> **Your task**
Looking at the listing below, retype exactly the lines starting at the one containing "Jtween 2pcs Alien" and ending at the one containing "Water Resistant Stretch", both included, and nothing else.

> **Record extracts**
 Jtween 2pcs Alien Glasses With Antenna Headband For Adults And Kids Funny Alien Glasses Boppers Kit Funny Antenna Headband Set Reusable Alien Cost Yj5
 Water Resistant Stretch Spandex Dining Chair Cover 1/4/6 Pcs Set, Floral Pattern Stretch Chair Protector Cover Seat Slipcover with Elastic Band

...

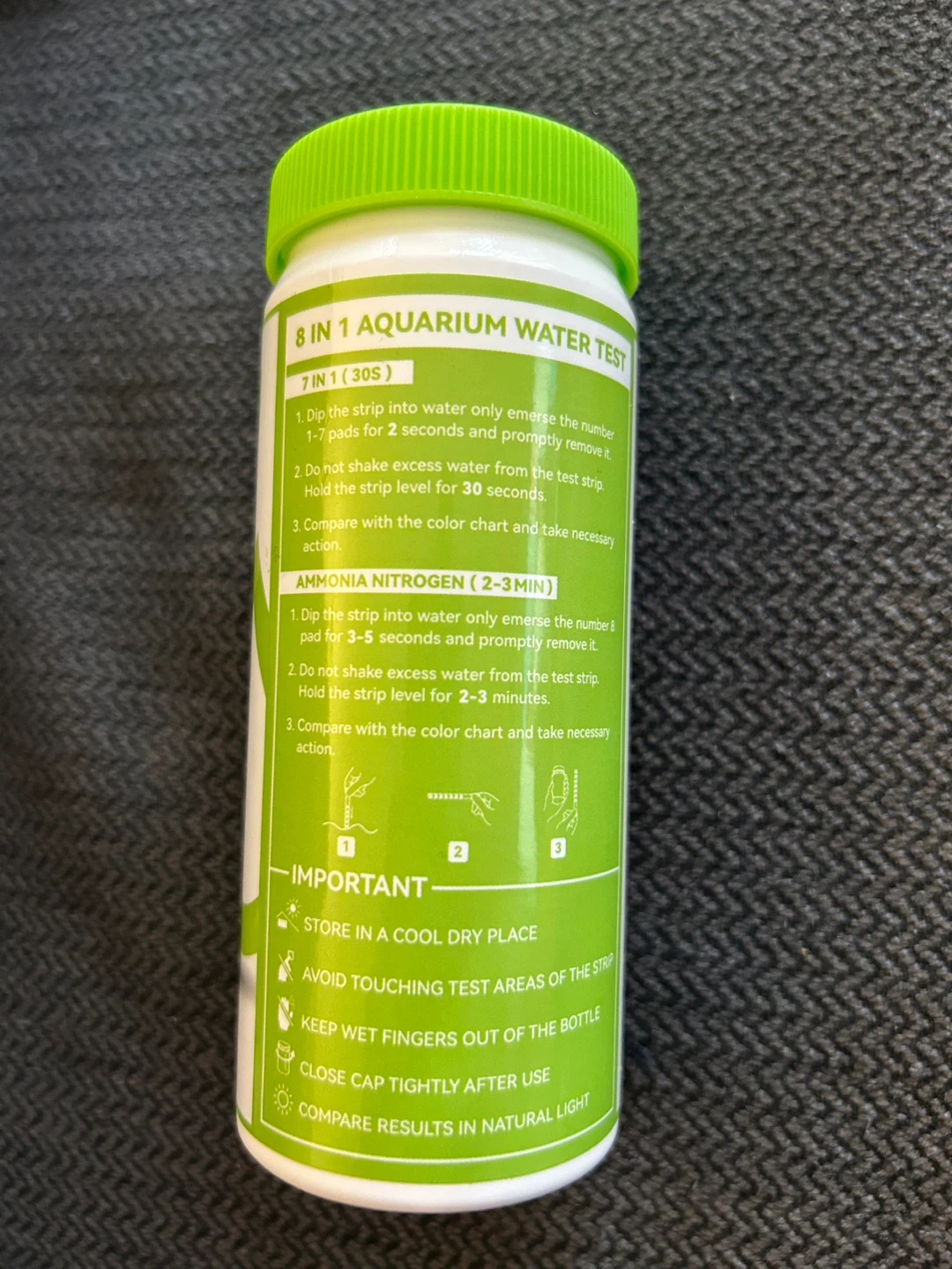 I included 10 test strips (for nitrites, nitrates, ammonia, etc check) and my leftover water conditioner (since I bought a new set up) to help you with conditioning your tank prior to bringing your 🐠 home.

* * *

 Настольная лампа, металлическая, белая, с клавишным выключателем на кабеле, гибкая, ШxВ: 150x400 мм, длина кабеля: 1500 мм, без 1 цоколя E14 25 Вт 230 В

> **Exercise solution**
 Jtween 2pcs Alien Glasses With Antenna Headband For Adults And Kids Funny Alien Glasses Boppers Kit Funny Antenna Headband Set Reusable Alien Cost Yj5
 Water Resistant Stretch Spandex Dining Chair Cover 1/4/6 Pcs Set, Floral Pattern Stretch Chair Protector Cover Seat Slipcover with Elastic Band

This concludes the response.